— Exercise input —
Content starts

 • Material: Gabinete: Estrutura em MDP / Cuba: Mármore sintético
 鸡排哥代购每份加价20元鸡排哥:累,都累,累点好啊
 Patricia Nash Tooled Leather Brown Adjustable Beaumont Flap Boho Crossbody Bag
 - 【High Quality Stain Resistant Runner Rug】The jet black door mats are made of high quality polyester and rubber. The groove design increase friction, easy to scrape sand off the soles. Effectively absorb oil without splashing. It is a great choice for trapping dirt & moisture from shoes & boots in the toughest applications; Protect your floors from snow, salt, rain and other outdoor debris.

Content ends
Content starts

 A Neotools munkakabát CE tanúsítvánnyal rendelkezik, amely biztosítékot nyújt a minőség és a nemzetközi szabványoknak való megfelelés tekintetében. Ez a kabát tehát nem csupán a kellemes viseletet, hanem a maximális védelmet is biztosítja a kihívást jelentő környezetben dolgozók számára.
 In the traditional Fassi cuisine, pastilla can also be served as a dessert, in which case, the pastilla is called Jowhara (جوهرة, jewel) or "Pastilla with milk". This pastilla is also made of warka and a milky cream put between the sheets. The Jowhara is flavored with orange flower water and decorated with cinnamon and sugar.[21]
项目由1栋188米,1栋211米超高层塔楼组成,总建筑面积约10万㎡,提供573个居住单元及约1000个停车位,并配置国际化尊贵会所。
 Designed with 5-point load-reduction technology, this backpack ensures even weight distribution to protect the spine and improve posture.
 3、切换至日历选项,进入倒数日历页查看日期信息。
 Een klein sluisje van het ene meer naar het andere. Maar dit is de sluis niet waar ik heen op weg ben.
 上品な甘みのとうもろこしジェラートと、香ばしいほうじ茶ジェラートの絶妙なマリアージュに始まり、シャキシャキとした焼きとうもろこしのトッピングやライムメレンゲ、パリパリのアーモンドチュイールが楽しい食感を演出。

Content ends
Content starts

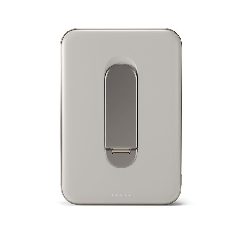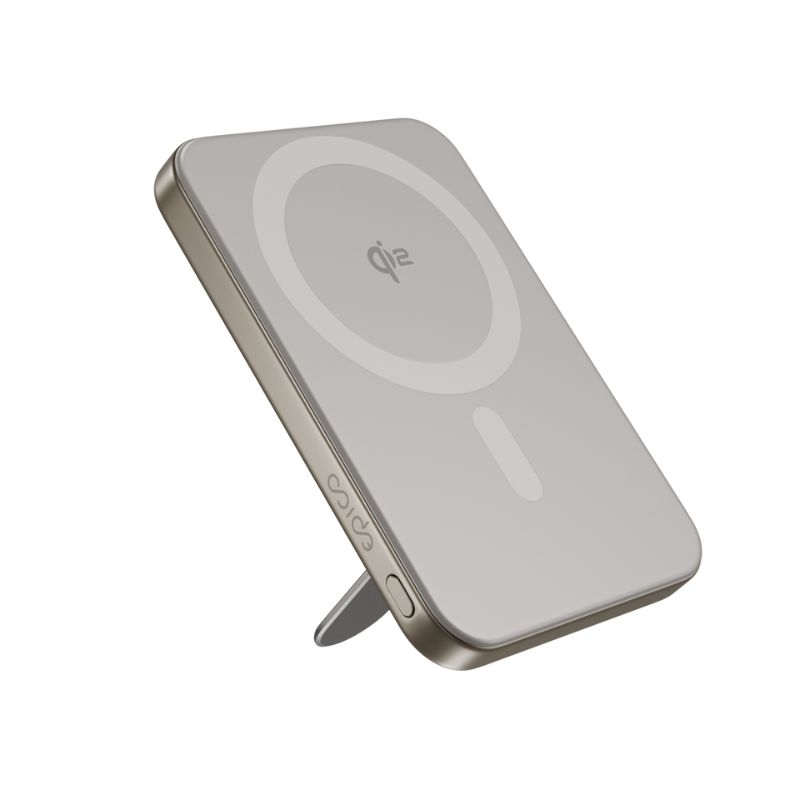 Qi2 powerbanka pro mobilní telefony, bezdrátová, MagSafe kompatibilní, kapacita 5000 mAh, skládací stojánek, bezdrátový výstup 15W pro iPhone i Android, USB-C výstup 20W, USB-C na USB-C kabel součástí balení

Content ends

— Problem details —
Beginning at the line above that contains "3、切换至日历选项,进入倒数日历页查看日期信息。", return each line exactly through the line that contains "上品な甘みのとうもろこしジェ", and no others.

— Answer section —
 3、切换至日历选项,进入倒数日历页查看日期信息。
 Een klein sluisje van het ene meer naar het andere. Maar dit is de sluis niet waar ik heen op weg ben.
 上品な甘みのとうもろこしジェラートと、香ばしいほうじ茶ジェラートの絶妙なマリアージュに始まり、シャキシャキとした焼きとうもろこしのトッピングやライムメレンゲ、パリパリのアーモンドチュイールが楽しい食感を演出。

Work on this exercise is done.